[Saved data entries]
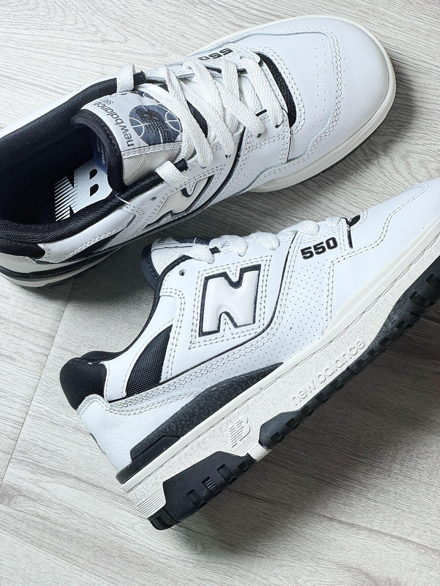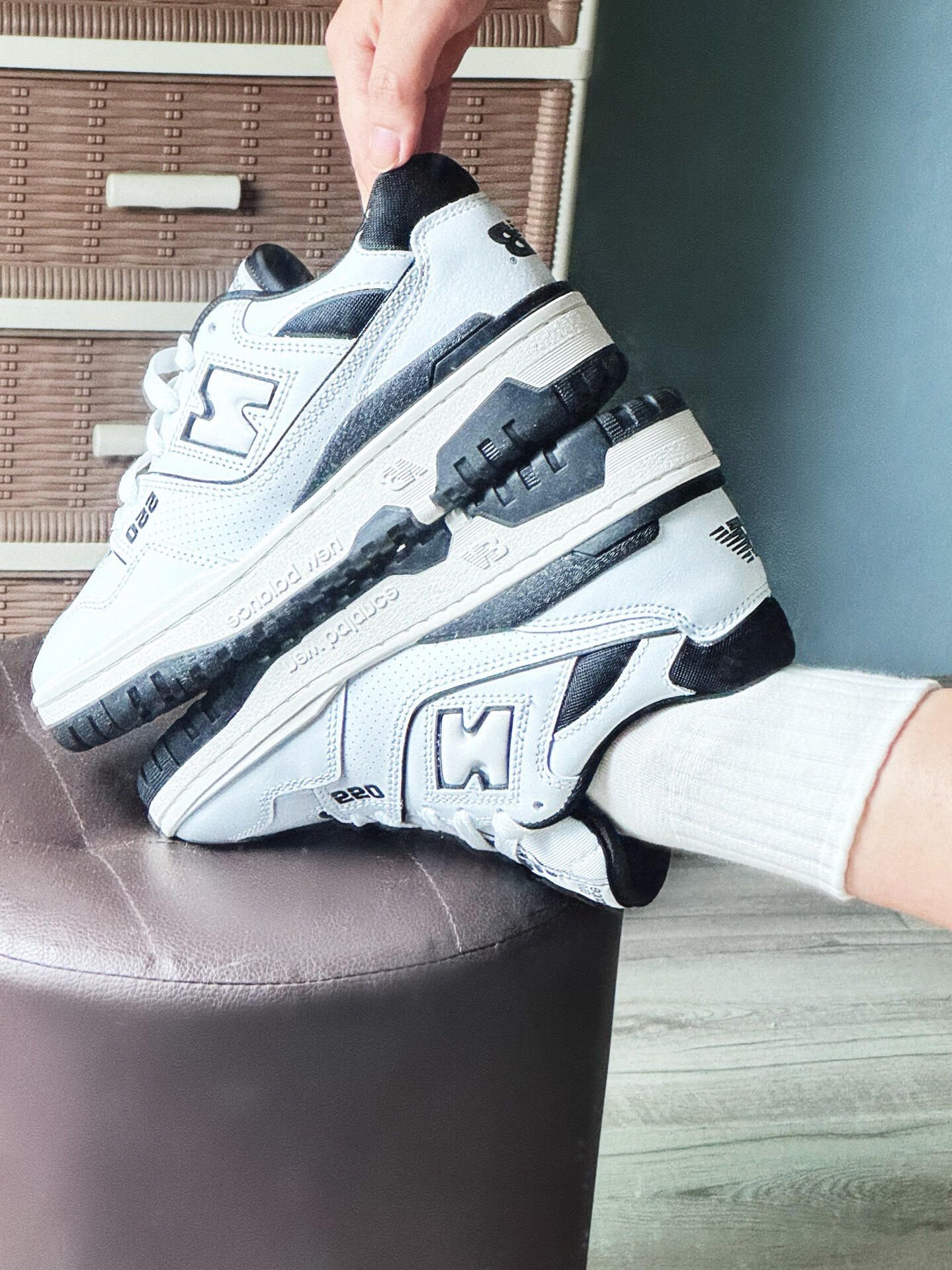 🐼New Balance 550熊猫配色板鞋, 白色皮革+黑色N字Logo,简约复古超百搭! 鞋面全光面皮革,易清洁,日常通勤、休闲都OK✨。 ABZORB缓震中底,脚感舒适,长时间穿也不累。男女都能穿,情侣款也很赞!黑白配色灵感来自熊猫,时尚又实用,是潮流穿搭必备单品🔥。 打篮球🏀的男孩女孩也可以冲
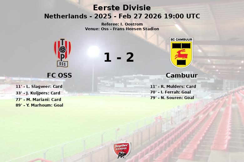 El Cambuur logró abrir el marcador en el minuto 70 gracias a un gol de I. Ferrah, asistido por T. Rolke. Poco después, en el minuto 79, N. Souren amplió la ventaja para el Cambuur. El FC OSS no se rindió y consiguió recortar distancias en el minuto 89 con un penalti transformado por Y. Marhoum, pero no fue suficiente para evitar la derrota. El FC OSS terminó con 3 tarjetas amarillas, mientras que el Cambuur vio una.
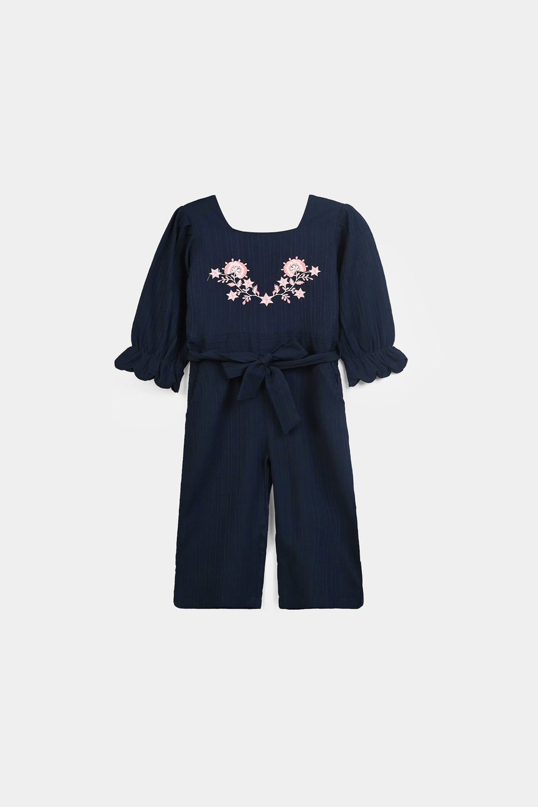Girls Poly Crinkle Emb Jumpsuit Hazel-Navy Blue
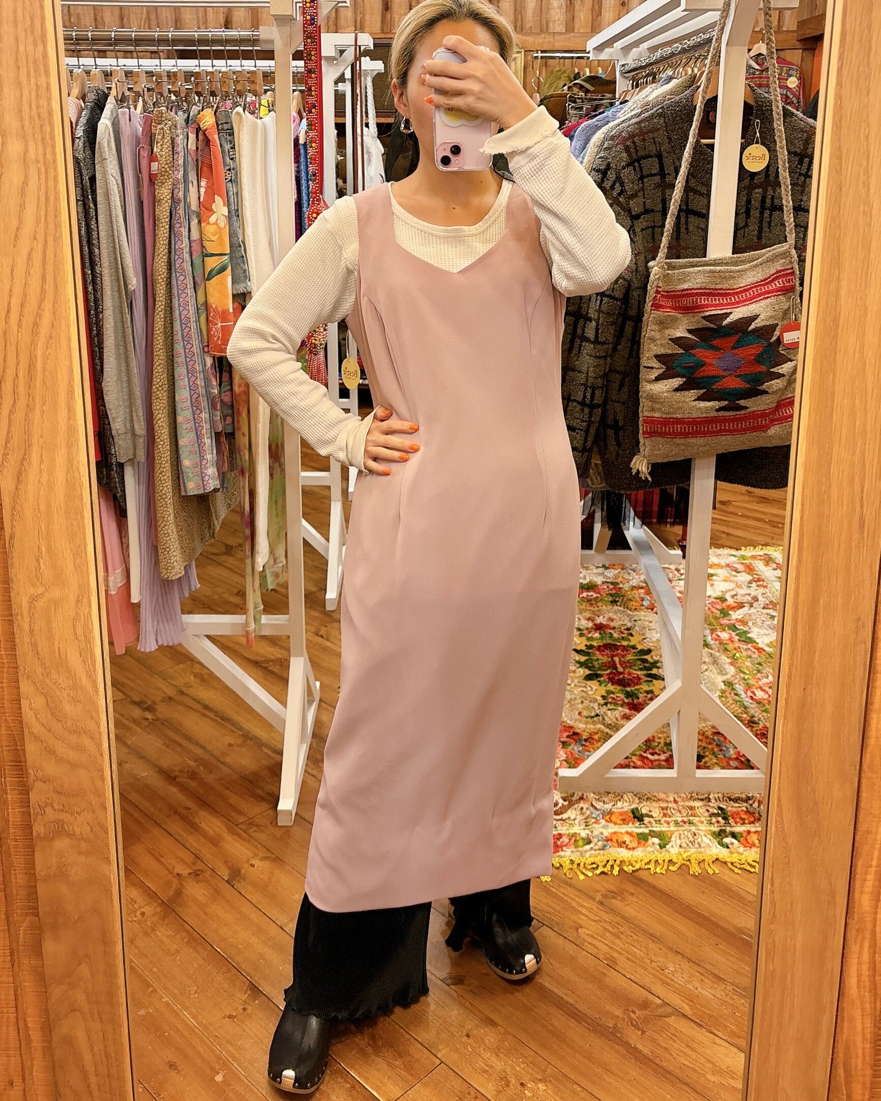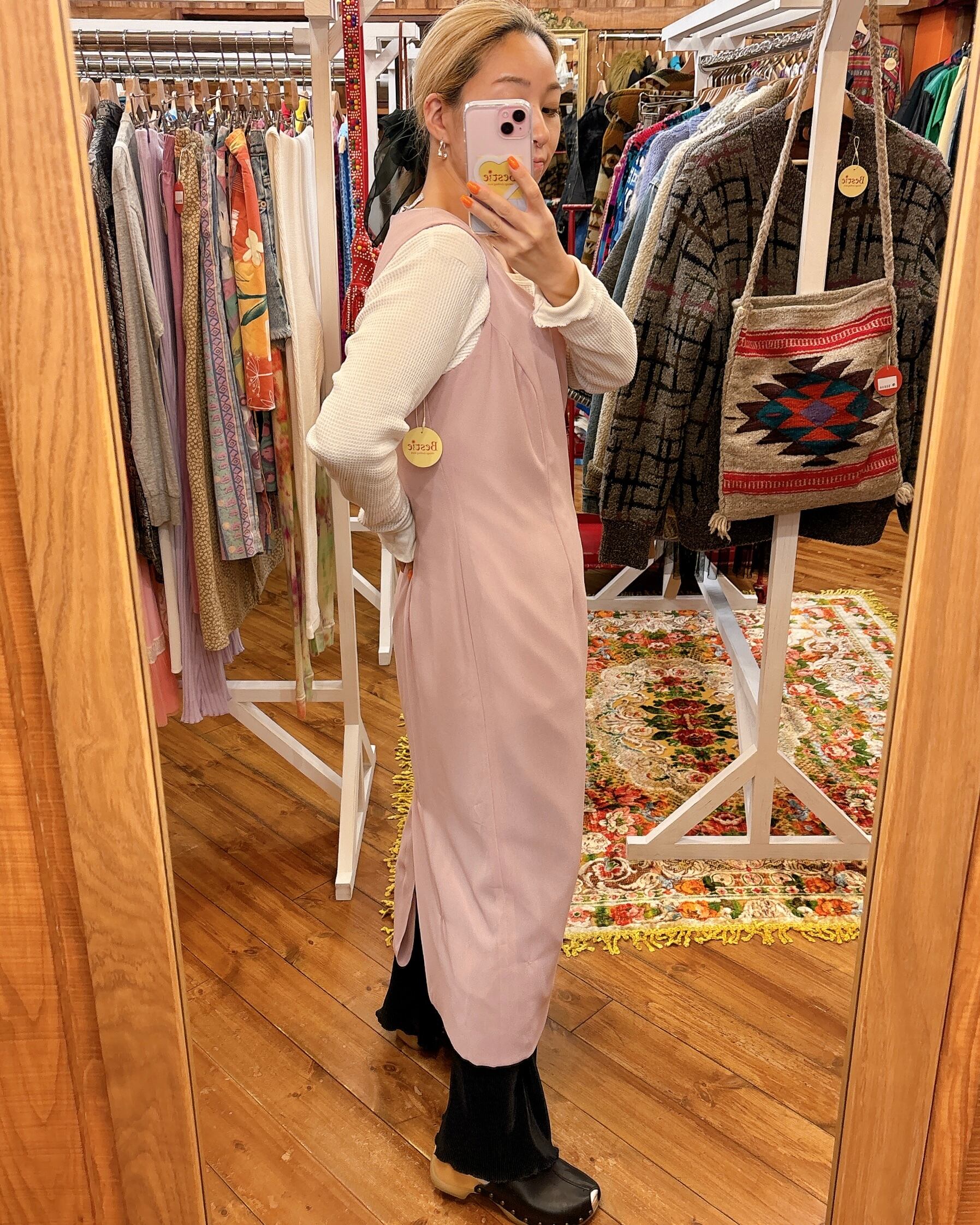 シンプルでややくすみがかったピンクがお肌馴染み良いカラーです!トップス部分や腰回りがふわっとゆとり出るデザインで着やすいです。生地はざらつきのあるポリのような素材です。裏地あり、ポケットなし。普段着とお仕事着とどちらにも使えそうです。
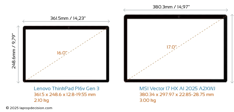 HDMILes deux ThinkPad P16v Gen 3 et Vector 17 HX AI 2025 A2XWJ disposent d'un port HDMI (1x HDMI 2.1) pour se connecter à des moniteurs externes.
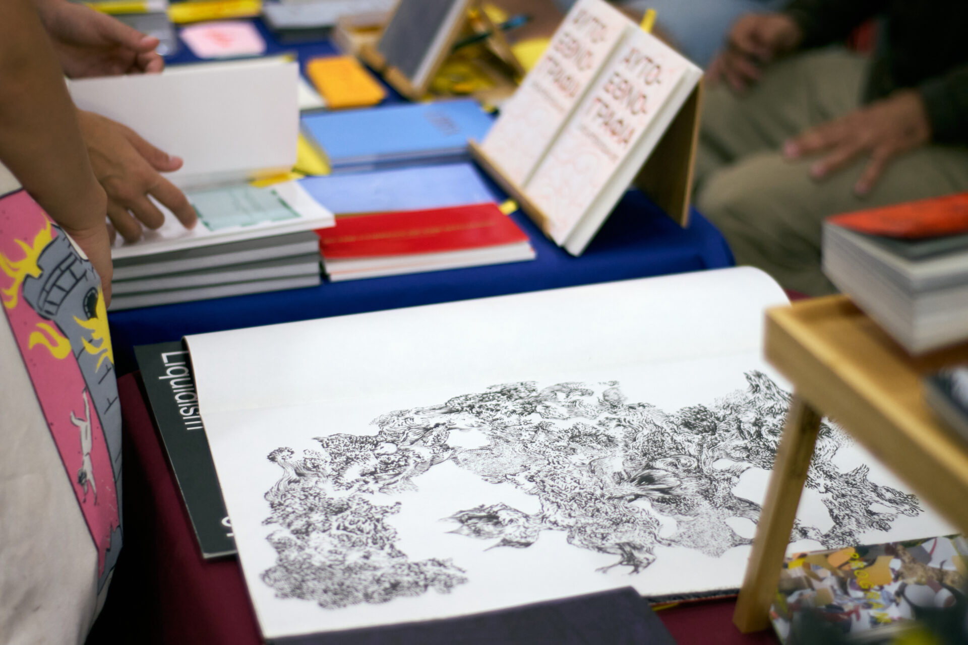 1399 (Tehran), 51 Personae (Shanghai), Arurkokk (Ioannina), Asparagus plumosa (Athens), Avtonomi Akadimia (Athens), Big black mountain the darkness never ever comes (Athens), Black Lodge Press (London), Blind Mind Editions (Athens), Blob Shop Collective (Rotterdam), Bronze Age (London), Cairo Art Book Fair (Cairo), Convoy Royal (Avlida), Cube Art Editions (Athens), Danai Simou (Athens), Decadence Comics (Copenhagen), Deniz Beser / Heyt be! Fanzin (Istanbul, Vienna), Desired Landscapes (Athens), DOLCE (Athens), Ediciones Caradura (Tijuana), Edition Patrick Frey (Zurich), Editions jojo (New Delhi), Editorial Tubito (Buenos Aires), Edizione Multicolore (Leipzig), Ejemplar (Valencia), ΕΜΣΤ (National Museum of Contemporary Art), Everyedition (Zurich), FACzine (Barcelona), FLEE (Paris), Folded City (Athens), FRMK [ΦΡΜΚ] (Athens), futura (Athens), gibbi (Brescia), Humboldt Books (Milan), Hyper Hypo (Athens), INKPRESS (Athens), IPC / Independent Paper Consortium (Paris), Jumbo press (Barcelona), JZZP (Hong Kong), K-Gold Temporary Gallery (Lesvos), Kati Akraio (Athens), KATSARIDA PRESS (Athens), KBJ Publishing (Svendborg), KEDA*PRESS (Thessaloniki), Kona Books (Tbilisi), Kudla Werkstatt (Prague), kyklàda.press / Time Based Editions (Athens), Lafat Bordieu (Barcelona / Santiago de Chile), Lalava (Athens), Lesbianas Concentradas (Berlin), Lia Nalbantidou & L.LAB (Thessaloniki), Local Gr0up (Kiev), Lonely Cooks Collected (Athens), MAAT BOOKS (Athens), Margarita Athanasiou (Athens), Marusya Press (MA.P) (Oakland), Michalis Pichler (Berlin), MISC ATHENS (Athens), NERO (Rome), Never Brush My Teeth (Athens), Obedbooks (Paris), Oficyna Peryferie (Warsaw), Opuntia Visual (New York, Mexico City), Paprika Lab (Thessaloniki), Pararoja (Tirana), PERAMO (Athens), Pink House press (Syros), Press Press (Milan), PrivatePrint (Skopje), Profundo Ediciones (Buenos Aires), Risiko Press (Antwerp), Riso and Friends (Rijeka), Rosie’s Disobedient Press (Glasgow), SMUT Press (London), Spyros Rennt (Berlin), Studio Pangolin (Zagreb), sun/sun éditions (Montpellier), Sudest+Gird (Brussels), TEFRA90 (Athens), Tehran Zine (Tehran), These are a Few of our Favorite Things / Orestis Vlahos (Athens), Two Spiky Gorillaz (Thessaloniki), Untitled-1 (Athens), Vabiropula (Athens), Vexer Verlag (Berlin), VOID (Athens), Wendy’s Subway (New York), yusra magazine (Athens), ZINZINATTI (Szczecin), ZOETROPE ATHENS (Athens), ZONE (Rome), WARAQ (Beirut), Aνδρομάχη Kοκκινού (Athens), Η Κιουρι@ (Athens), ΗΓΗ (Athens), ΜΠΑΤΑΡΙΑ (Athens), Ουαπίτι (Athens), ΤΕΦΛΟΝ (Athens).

# [Exercise instructions]
Begin with the first line of the entries above and write out each line exactly, ending with the line containing "HDMILes deux ThinkPad". Leave out pictures.

# [Answer space]
 🐼New Balance 550熊猫配色板鞋, 白色皮革+黑色N字Logo,简约复古超百搭! 鞋面全光面皮革,易清洁,日常通勤、休闲都OK✨。 ABZORB缓震中底,脚感舒适,长时间穿也不累。男女都能穿,情侣款也很赞!黑白配色灵感来自熊猫,时尚又实用,是潮流穿搭必备单品🔥。 打篮球🏀的男孩女孩也可以冲
 El Cambuur logró abrir el marcador en el minuto 70 gracias a un gol de I. Ferrah, asistido por T. Rolke. Poco después, en el minuto 79, N. Souren amplió la ventaja para el Cambuur. El FC OSS no se rindió y consiguió recortar distancias en el minuto 89 con un penalti transformado por Y. Marhoum, pero no fue suficiente para evitar la derrota. El FC OSS terminó con 3 tarjetas amarillas, mientras que el Cambuur vio una.
Girls Poly Crinkle Emb Jumpsuit Hazel-Navy Blue
 シンプルでややくすみがかったピンクがお肌馴染み良いカラーです!トップス部分や腰回りがふわっとゆとり出るデザインで着やすいです。生地はざらつきのあるポリのような素材です。裏地あり、ポケットなし。普段着とお仕事着とどちらにも使えそうです。
 HDMILes deux ThinkPad P16v Gen 3 et Vector 17 HX AI 2025 A2XWJ disposent d'un port HDMI (1x HDMI 2.1) pour se connecter à des moniteurs externes.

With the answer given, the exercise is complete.